■ To do: Starting at the line that contains "Juca era um" and stopping after the line that contains "In a separate", transcribe the listing below exactly; do not include any pictures.

■ Recorded data:
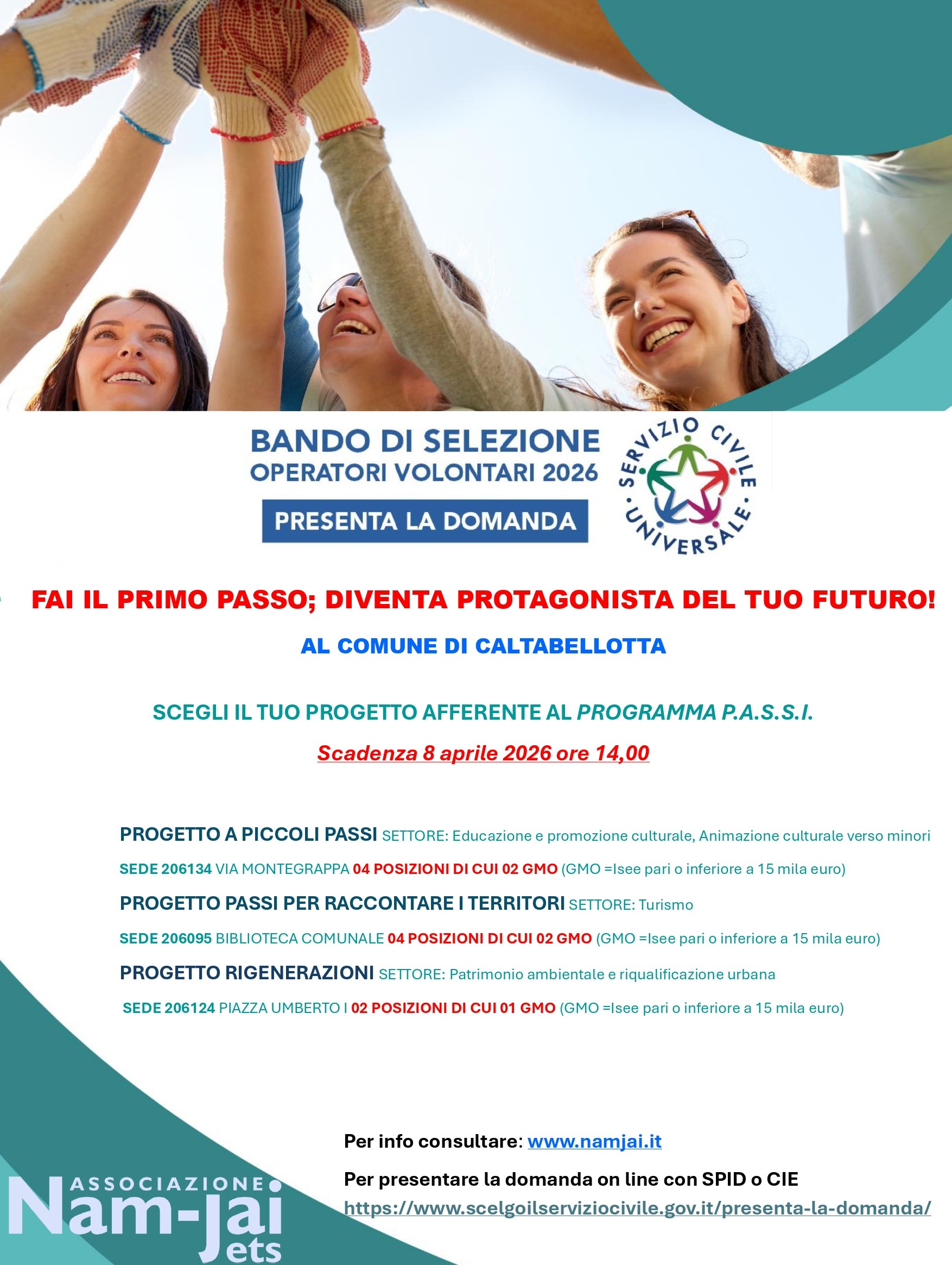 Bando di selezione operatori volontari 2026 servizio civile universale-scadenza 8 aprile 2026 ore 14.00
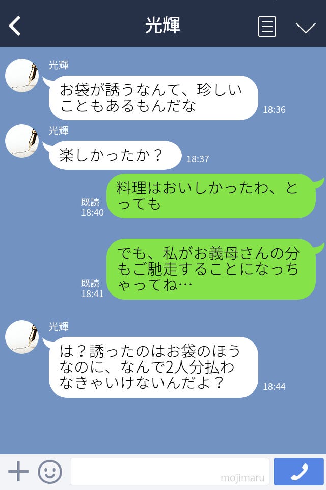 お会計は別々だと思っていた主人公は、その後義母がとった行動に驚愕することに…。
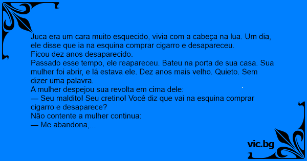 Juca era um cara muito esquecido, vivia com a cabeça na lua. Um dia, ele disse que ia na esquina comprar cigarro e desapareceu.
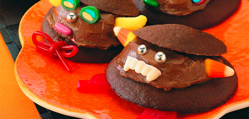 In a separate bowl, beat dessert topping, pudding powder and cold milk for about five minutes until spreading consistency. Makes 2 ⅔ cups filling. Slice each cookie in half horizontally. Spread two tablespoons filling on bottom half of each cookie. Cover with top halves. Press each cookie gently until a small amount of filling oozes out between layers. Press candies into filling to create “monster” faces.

==

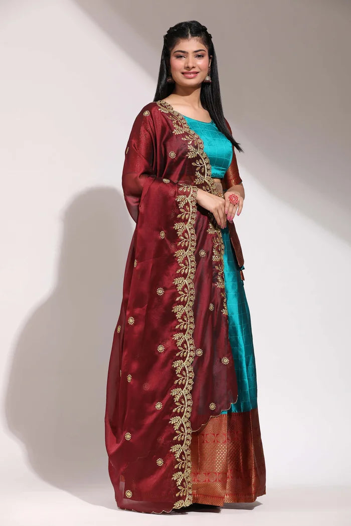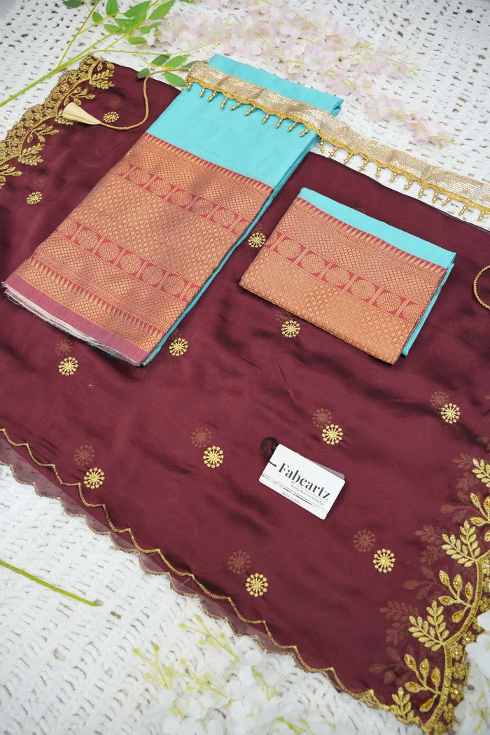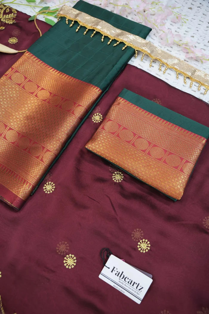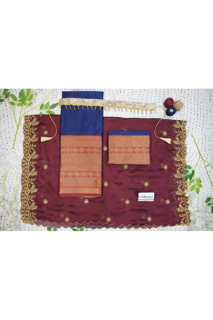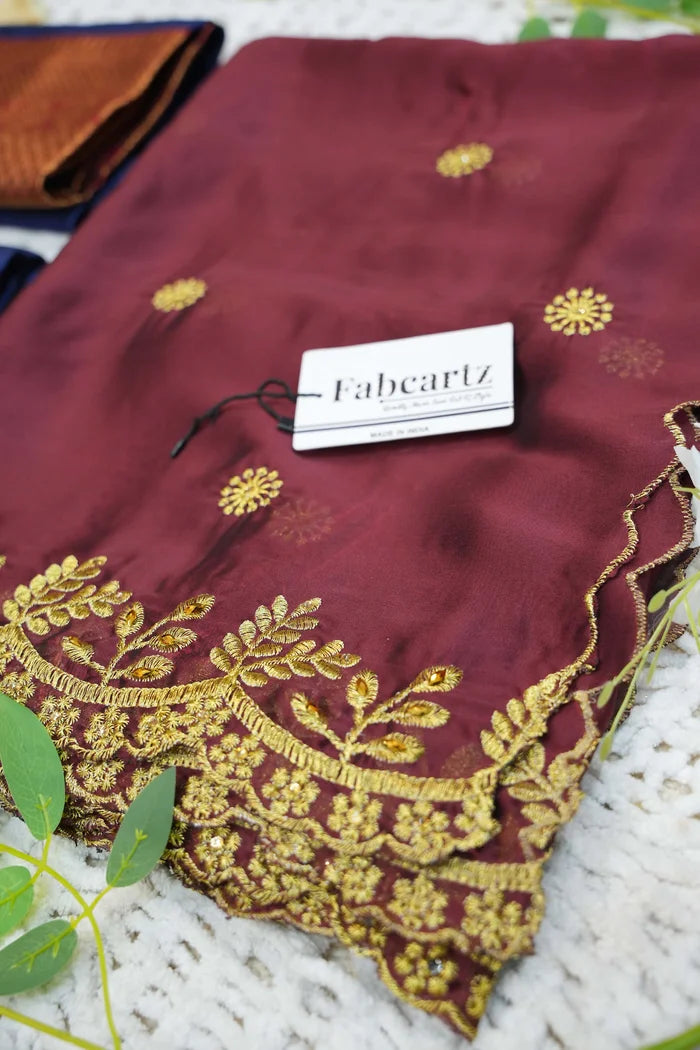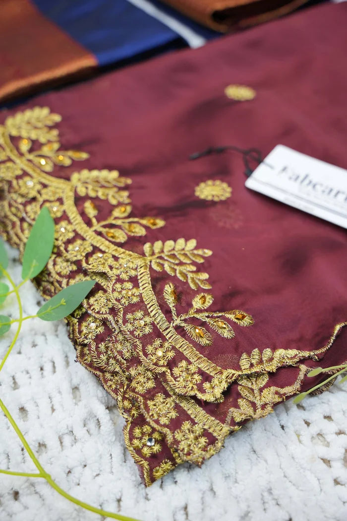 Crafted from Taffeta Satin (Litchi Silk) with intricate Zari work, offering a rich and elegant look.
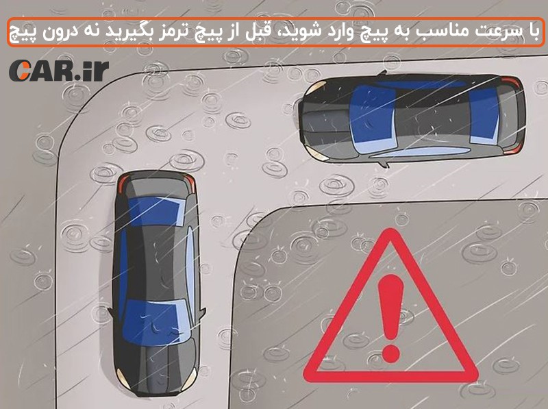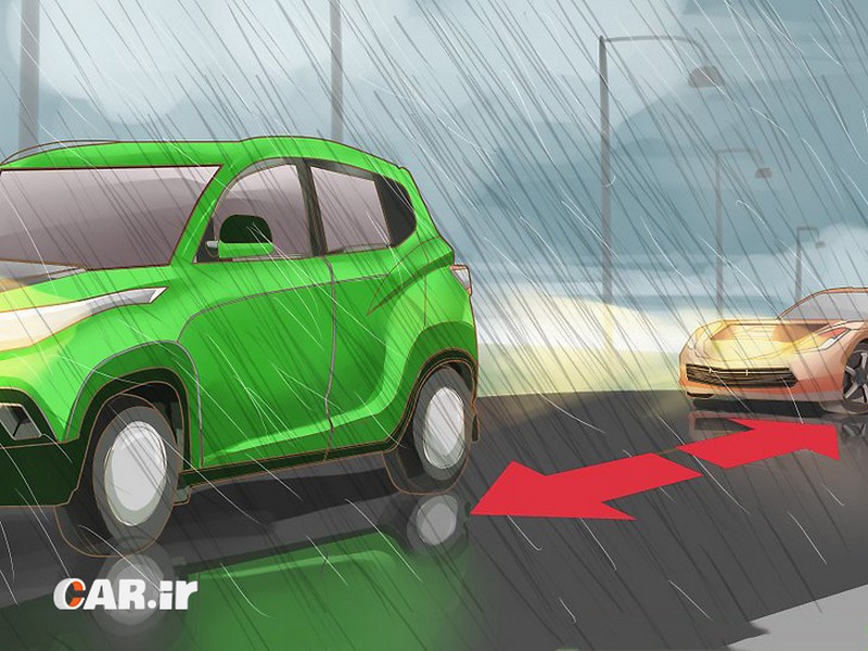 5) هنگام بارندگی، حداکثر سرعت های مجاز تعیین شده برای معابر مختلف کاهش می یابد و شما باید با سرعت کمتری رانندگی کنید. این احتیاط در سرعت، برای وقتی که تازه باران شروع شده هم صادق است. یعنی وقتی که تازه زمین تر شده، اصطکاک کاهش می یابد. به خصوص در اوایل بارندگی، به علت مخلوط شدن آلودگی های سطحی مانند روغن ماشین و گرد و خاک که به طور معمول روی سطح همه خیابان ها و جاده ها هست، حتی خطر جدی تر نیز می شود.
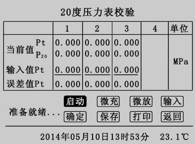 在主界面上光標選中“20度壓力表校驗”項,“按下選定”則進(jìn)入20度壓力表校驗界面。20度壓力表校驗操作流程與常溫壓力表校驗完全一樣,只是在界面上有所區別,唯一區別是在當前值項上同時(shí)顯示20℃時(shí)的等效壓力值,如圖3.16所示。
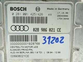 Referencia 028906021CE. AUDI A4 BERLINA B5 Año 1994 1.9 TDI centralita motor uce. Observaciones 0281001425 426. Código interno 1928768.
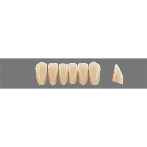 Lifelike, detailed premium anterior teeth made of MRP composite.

■ Solved exercise:
 Juca era um cara muito esquecido, vivia com a cabeça na lua. Um dia, ele disse que ia na esquina comprar cigarro e desapareceu.
 In a separate bowl, beat dessert topping, pudding powder and cold milk for about five minutes until spreading consistency. Makes 2 ⅔ cups filling. Slice each cookie in half horizontally. Spread two tablespoons filling on bottom half of each cookie. Cover with top halves. Press each cookie gently until a small amount of filling oozes out between layers. Press candies into filling to create “monster” faces.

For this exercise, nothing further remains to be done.